Posts: 4,189 Member Since:20/01/2011

#193 [url]

Mar 15 17 6:40 PM

I remember being completely uninterested in the Fender Humbuckers... till I played a Custom or Deluxe (or Starcaster).. wow.. a *really* interesting and highly original sound....



https://en.wikipedia.org/wiki/Fender_Wide_Range


Construction

The Wide Range pickup was conceived to be sonically closer to Fender's single coil pickups than Gibson humbuckers. Due to the difficulty of machining AlNiCo magnets into screw-type pole pieces, this concept called for the use of the more easily machinable CuNiFe (Copper/Nickel/Iron) rod magnets as pole pieces within the coil structures, to function more like a regular Strat pickup than a Gibson humbucker. Whereas Gibson humbuckers use a single bar magnet under the coils of the pickup, Wide Range pickups have individual CuNiFe magnets that were threaded and slotted to resemble the adjustable screw type poles of a Gibson humbucker. The pickup bobbins were wound with approximately 6800 turns of copper wire around the pole-pieces and the Wide Range pickup has a DC resistance of around 10 kΩ.
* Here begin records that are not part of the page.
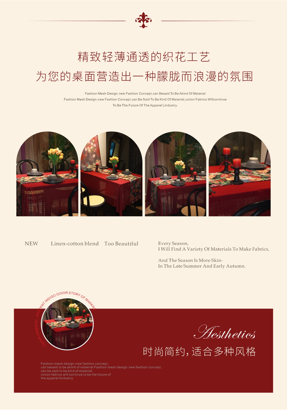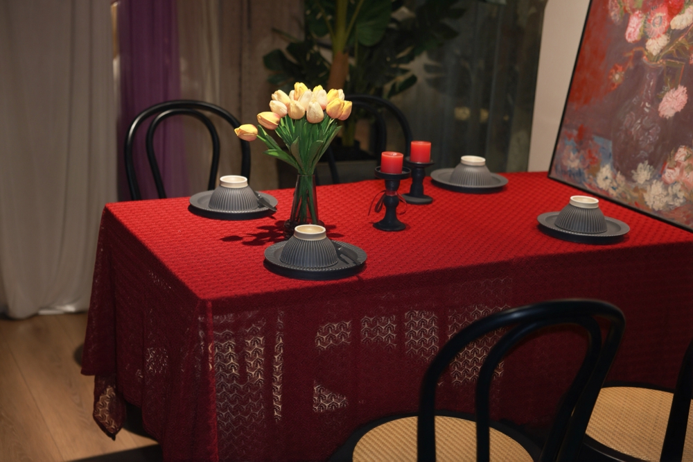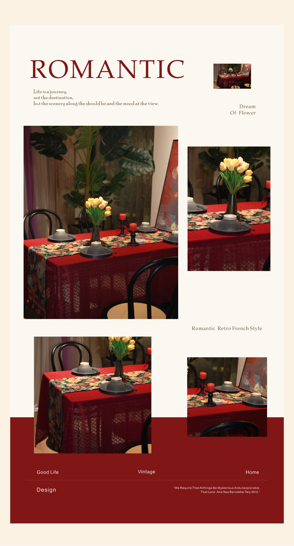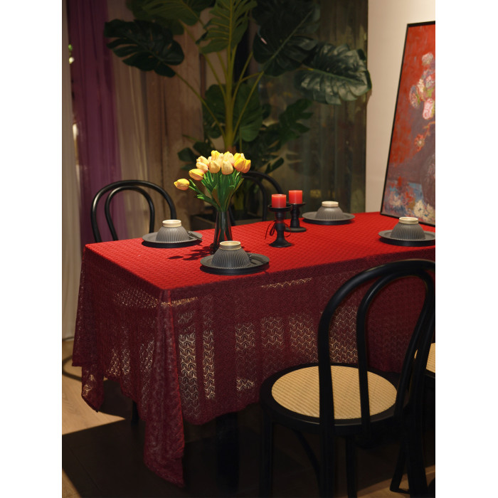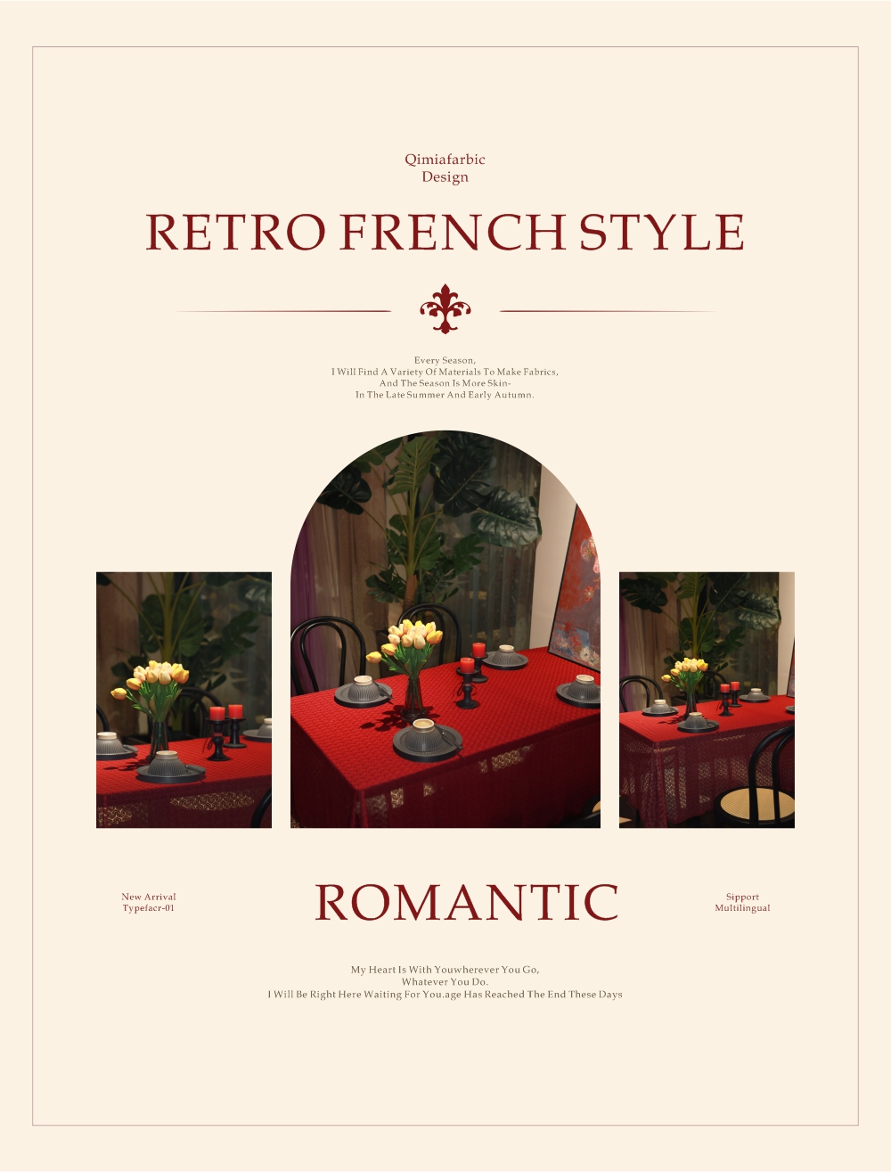 法式復古紅色喜慶桌布婚禮新年聖誕節氛圍感圓桌方桌茶幾餐桌台布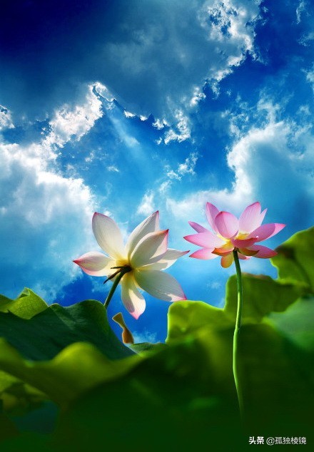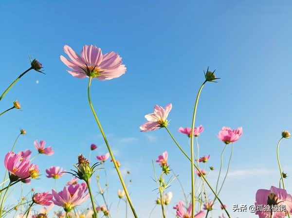 通过仰拍可以巧妙地避开画面中的杂乱背景,使画面简洁干净,主体突出而不受干扰。拍摄花卉时,仰拍能够获取纯净的天空作为背景,让花朵照片更显得唯美动人。即使是路边普通的野花,从低角度以天空为背景拍摄,也可以让整个画面显得非常干净、清新。花朵的在纯色背景的映衬下颜色明快、清丽脱俗,生机勃勃,虽然花枝丛生却一点也不显杂乱。
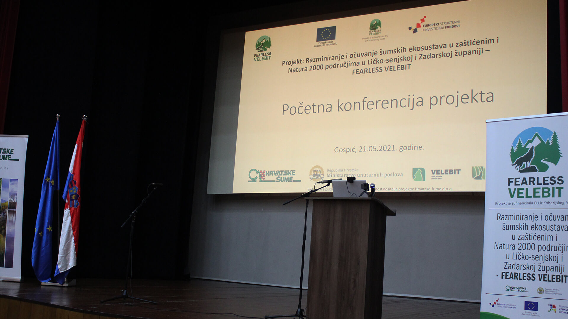 U kino dvorani pučkog otvorenog učilišta Gospić održane su radionica i početna konferencija u projektu Razminiranje i očuvanje šumskih ekosustava u zaštićenim i Natura 2000 područjima u Ličko-senjskoj i Zadarskoj županiji – Fearless Velebit. Radionica se održala u četvrtak 20.05.2021. godine, a početna konferencija projekta u petak 21.05.2021. godine s početkom u 10:00 sati.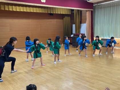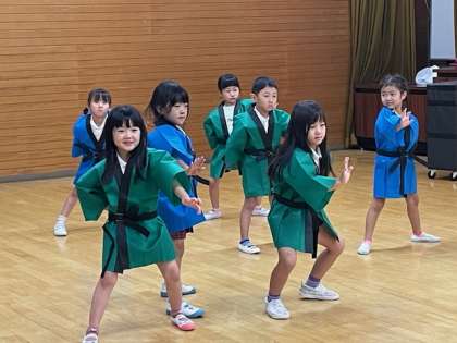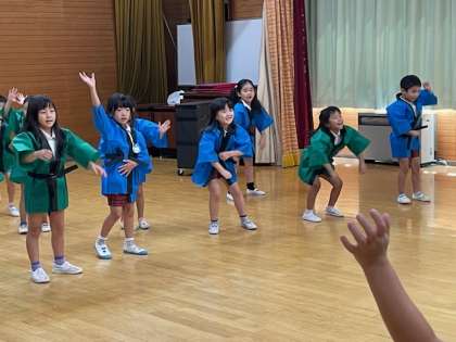 5歳児の子どもたちが ソーラン節を踊っています。涼しい遊戯室で音楽を聞いてリズムを感じながら存分に動いています。大きな声を出し、腕を伸ばし膝を曲げ、とっても力強いソーラン節です。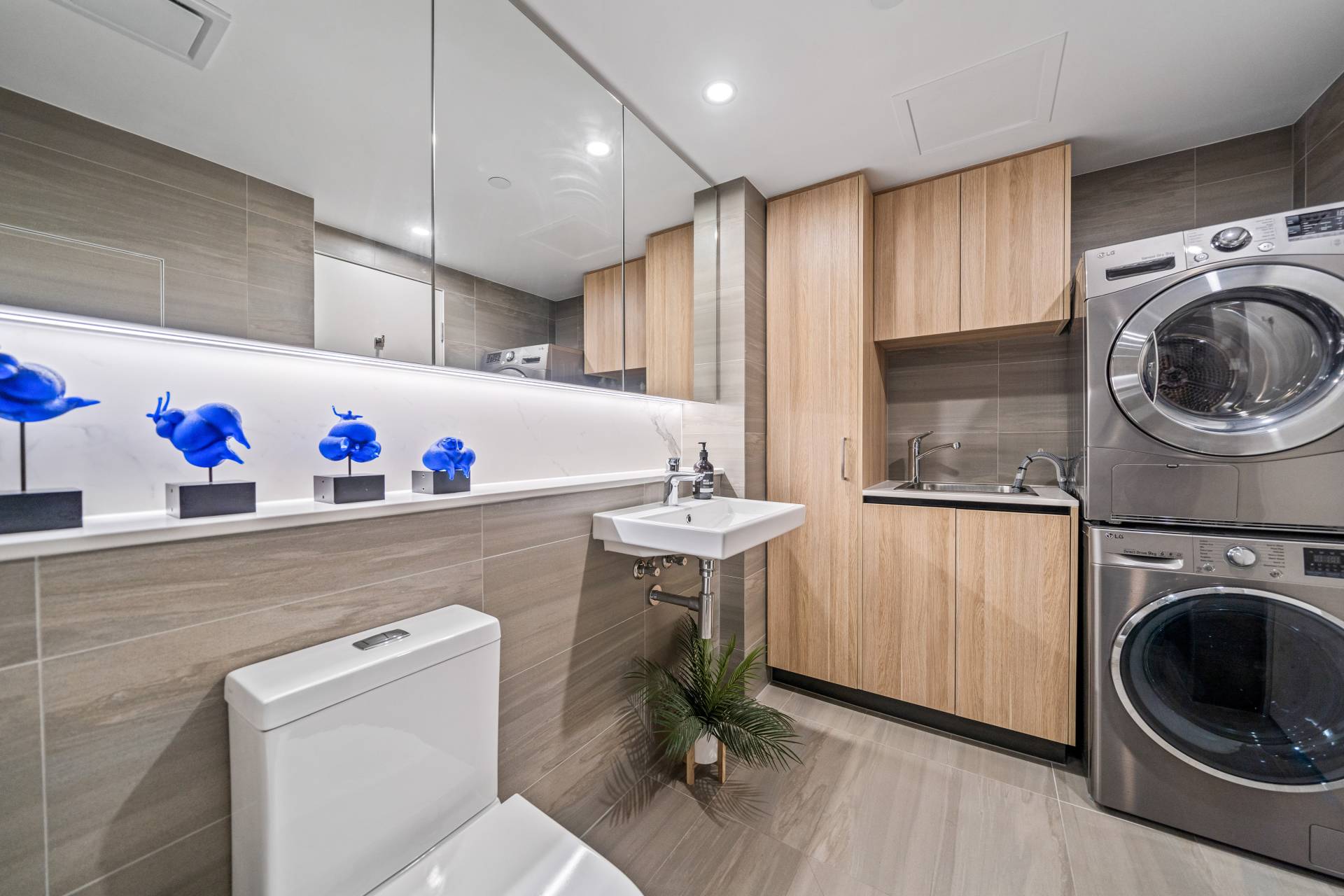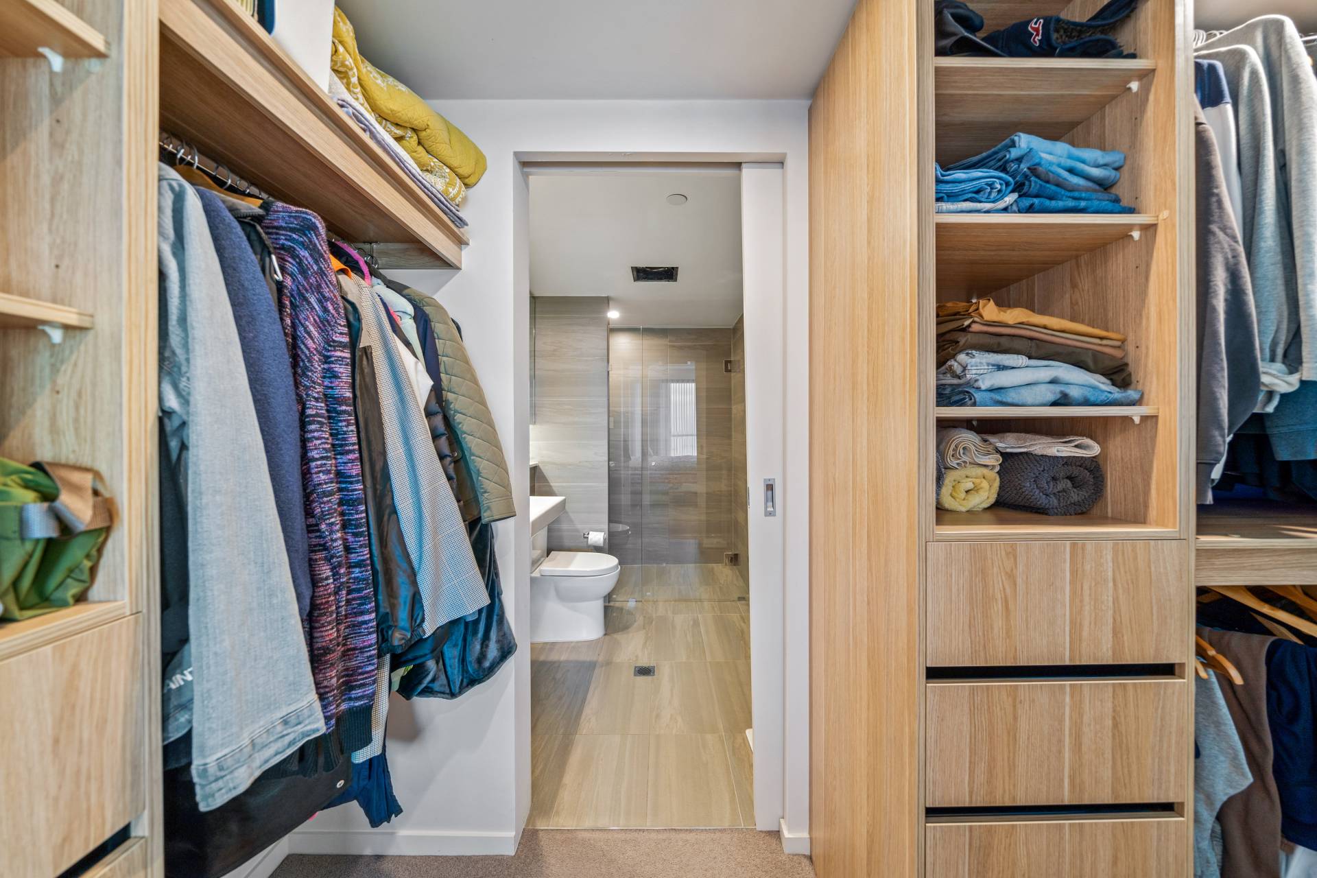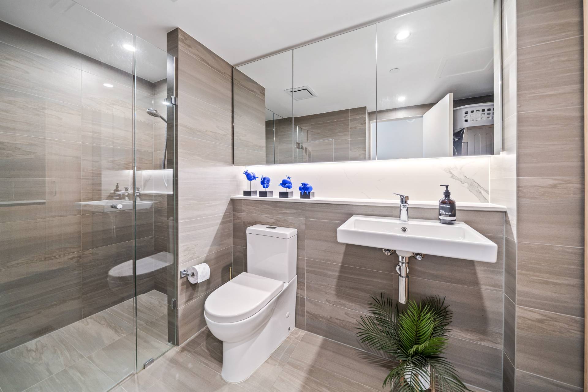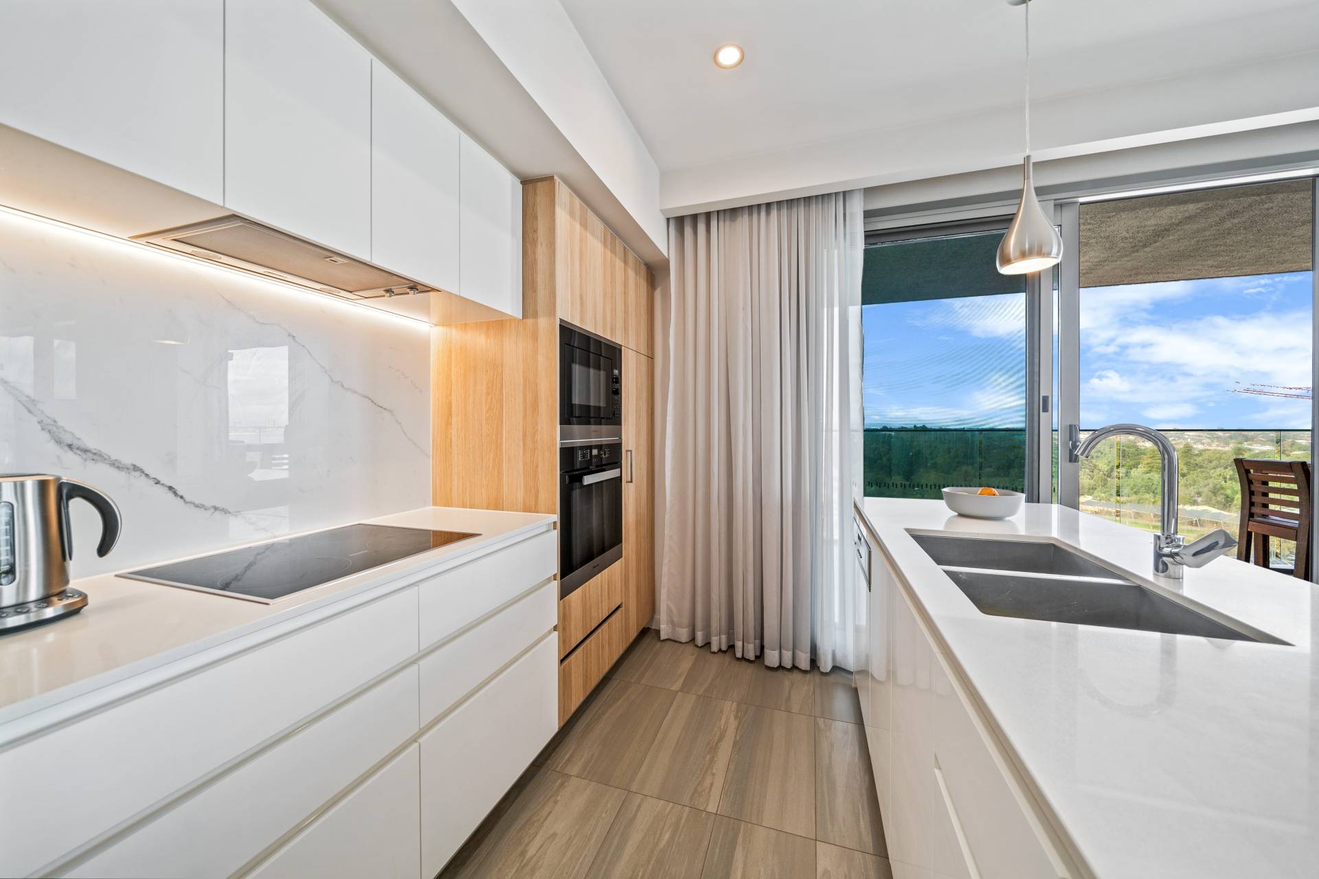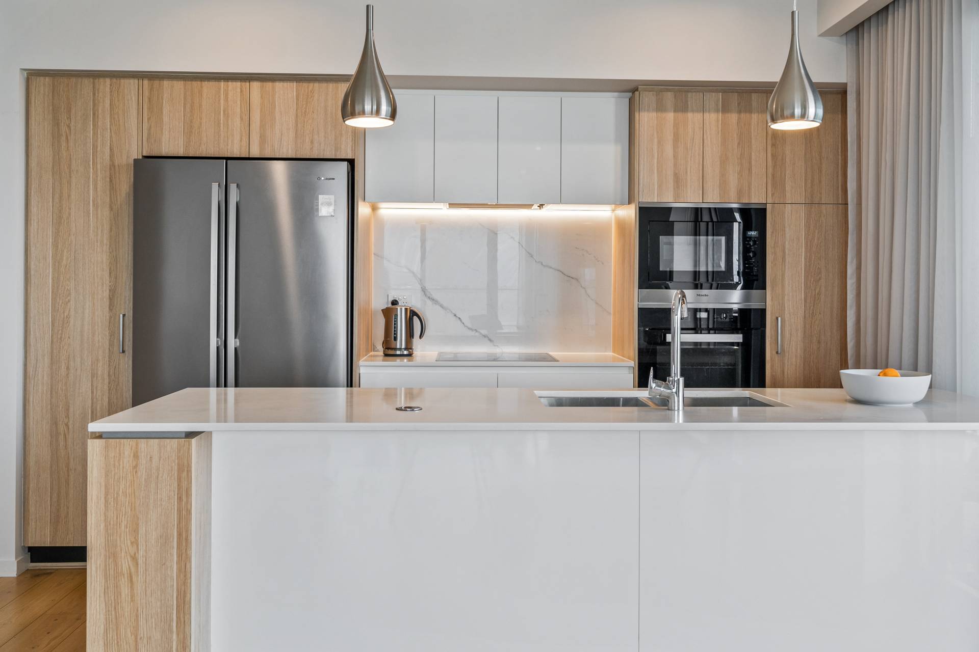 Your sleek, contemporary kitchen includes engineered stone benchtops, soft-closing cabinetry and a double fridge/freezer recess. Top of the range Miele appliances include an integrated dishwasher and microwave, induction cooktop and conventional wall oven. Chic pendant lighting over the benchtops, a marble splashback and a customised walk-in pantry complete this space.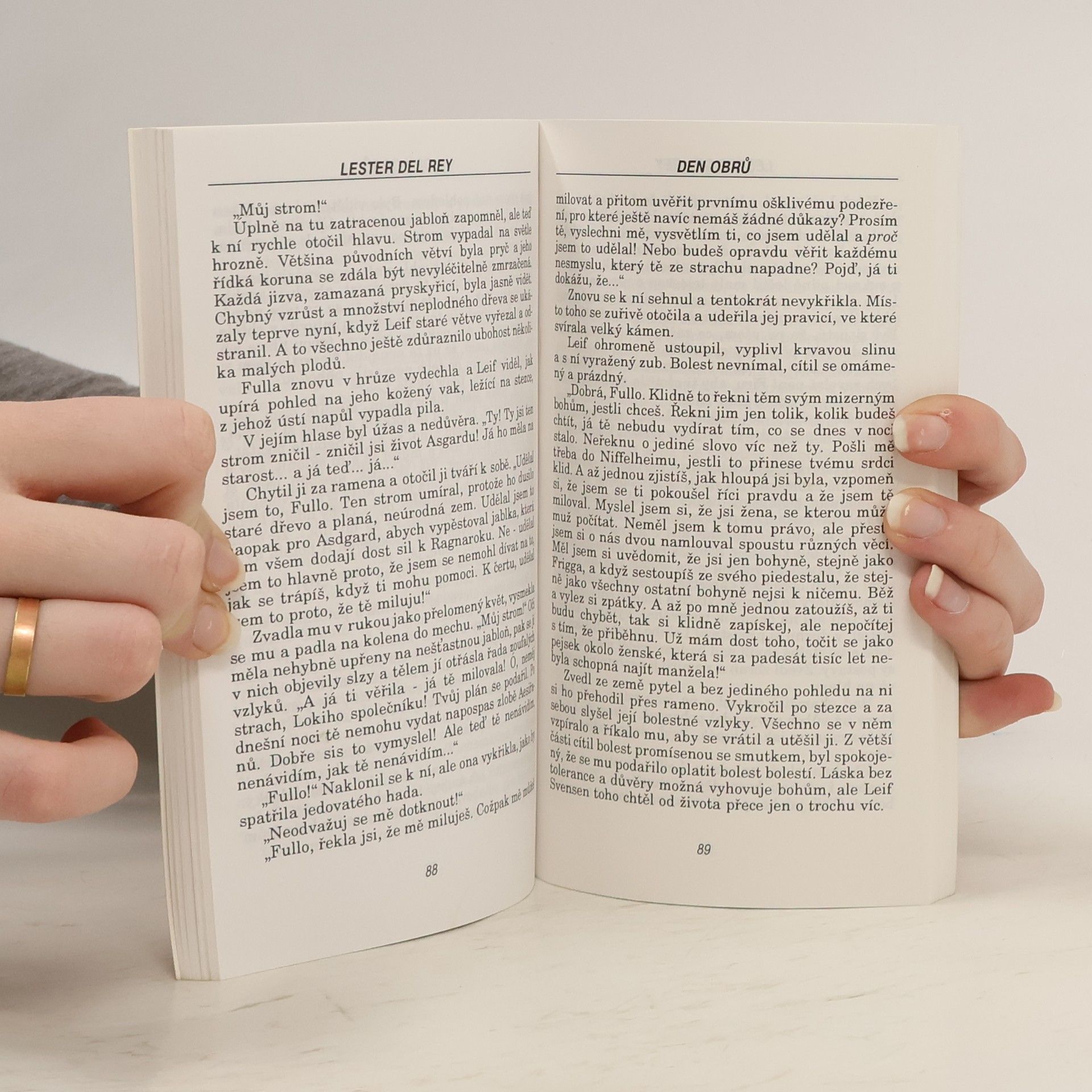 Den obrů pojednává o Ragnaroku – poslední bitvě mezi severskými bohy a ledovými obry. Hrdinové říše Asgardu slábnou. Bůh Odin si uvědomuje, že bez nové krve nemají bohové šanci zvítězit v posledním střetnutí se silami zla a souhlasí s tím, aby v rozhodujícím boji vedl vojska Asgardu nový válečník. Leif Svensen je farmář a jeho bratr-dvojče Lee je protřelý voják, který prošel několika bojišti světa, včetně korejského. Háček je v tom, že zatímco většina bohů, včetně Thora, sází na Leeho, bůh zlomyslnosti a klamu, Loki, si vybral jako svého oblíbence právě Leifa. Valkýry se vydají na Zem, aby „hrdinu“ dopravily do Asgardu. Jejich koně však mohou přes duhový most přenést jen člověka, který umírá se zbraní v ruce… Jak sem Leifa dopravit? Začíná Fimbulwinter, zima, která předznamenává Ragnarok… Lester Del Rey na vrcholu své dokonalosti!

There have been three reissues of the pickup, one manufactured in Japan using ceramic magnets, one in Mexico using alnico. Despite an almost identical appearance, both are constructed differently from the original 1970s unit. The current Mexican reissues, much like a Gibson humbucker, feature a bar magnet underneath the bobbins that abuts to 6 screw type pole-pieces in each coil; they are simply conventional humbuckers placed in the larger "wide range" humbucker casing, and the gap is filled with wax. Although neither pickup precisely replicates the sound of the original, they are at least tonally similar with the Japanese reissue sounding hotter and the Mexican reissue sounding more like a standard Gibson humbucker. A more recent reissue, currently exclusive to the Lee Ranaldo signature Jazzmaster, has been "re-voiced" to Ranaldo's specifications, but appears to be constructed similarly to the Mexican reissue.

There are several pickup makers producing modern replacements based on the original design, namely Jason Lollar, Curtis Novak, Seymour Duncan and Telenator in the US, The Creamery from Manchester, UK and Oil City Pickups from London UK are also available. Telenator currently is the only company in the world to offer actual CuNiFe threaded magnets in two versions of their pickups, with other manufacturers using FeCrCo and some using AlNiCo threaded magnets.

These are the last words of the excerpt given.